The historic Lincoln Heights jail was opened in 1931 on the site of the old East Side Police station and jail. The new, Art Deco -style building was intended to house just over 600 prisoners. By the early 1950’s, however, the overcrowded jail held as many as 2800 inmates, which prompted an expansion of the facility in 1951. In December of that same year, the Lincoln Heights Jail became part of a scandal that erupted stemming from the brutal beatings of seven civilians by LAPD officers. The incident, which came to be known as “Bloody Christmas,” produced the first-ever grand jury indictments of serving LAPD officers as well as the first criminal convictions for use of excessive force in LAPD history.

The so-called Bloody Christmas incident was the inspiration for the James Ellroy novel, “L.A. Confidential,” and the Lincoln Heights Jail was used as one of the filming locations for the 1997 film based on the book.


Over the years, the site housed many notorious and notable criminals including murderer William Edward Hickman in the late 1920s and gangster Al Capone, who spent a night at the Lincoln Heights jail for tax evasion. Novelist and screenwriter Raymond Chandler spent time in the jail’s drunk tank. Lincoln Heights Jail also had a section for female prisoners on its second floor, and academy-award winning actress Lucile Watson was once held there after a night of drunken shenanigans.
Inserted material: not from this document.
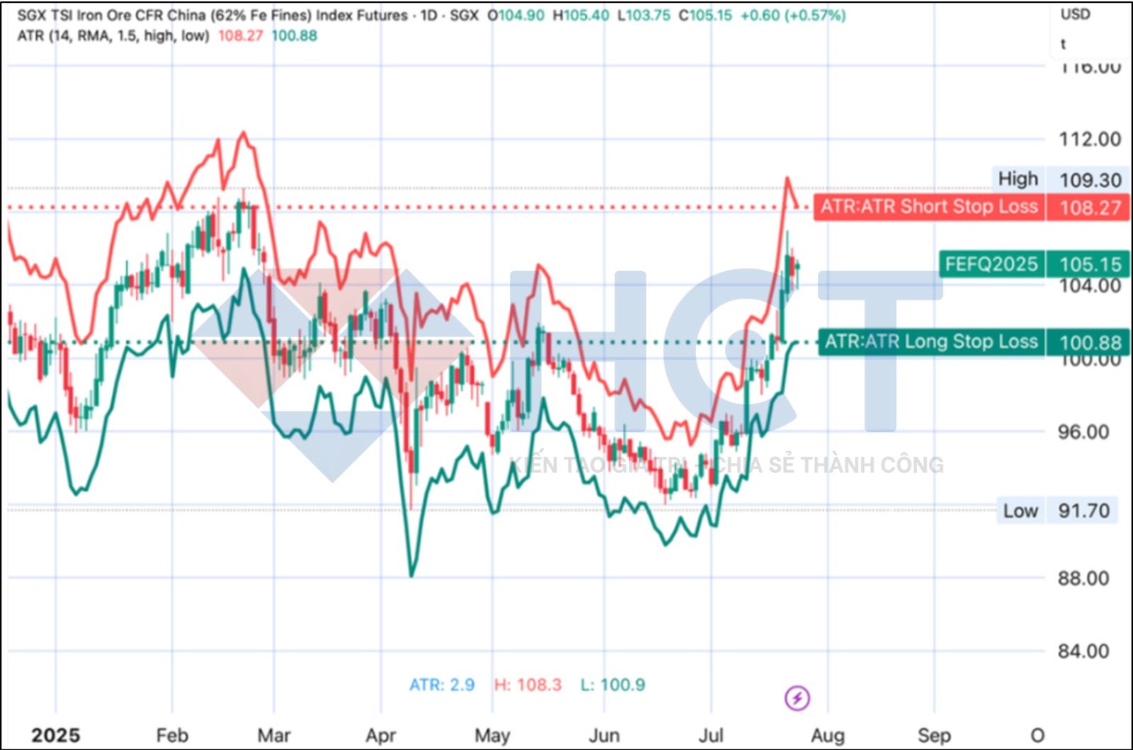 Ngưỡng dừng lỗ theo chỉ báo ATR: Theo ATR, điểm dừng lỗ cho vị thế mua được khuyến nghị tại 100,88 USD/tấn, thấp hơn 4,1% so với giá đóng cửa gần nhất. Ngược lại, vị thế bán có thể đặt dừng lỗ tại 108,27 USD/tấn, cao hơn 3% so với giá hiện tại.

Lincoln Heights jail closed in the 1960’s. However, due to its proximity to Hollywood, the building has remained in use as a popular filming location. Wes Craven’s “A Nightmare on Elm Street,” utilized the basement of the jail as a location for its boiler-room scenes.


In addition to serving as a filming location, the building has been home to a Bilingual arts center and a gym. Tragically, in 1994, the site was the scene of an mysterious death when the founder of the gym was found dead in the elevator shaft.

The former jail has long been rumored to be haunted. Various film and TV crew members as well as building staff and visitors have reported experiencing unexplained or paranormal activity.


Have you paid a visit to the Lincoln Heights Jail? Feel free to share your stories or any information in the comments section.


2 thoughts on “Lincoln Heights Jail: A brief history of LA’s haunted jail.

  1. I spent 10 days in Lincoln Heights jail in 1961. I was arrested with my best friend for shoplifting. It was like a dormitory setting, with beds strung along next to each other. It was actually an experience I’ve never forgotten, and in some ways, was really nice. I met people I would never have met otherwise, and learned things I would never have learned otherwise. Sounds weird I know, but it was a very memorable experience and I’m glad it happened.


  2. I was in the building yesterday (6-23-20) to do some environmental air sampling. I started on the 5th (top) floor and worked my way down. I placed my bag of sample media near the freight elevator on the 2nd floor. I heard the bag of sample media fall from about 20 yards away. When I got there the bag was dumped. Usually when a bag falls the stuff is in or just around the bag. This was dumped and spread out. This was my first experience of this type.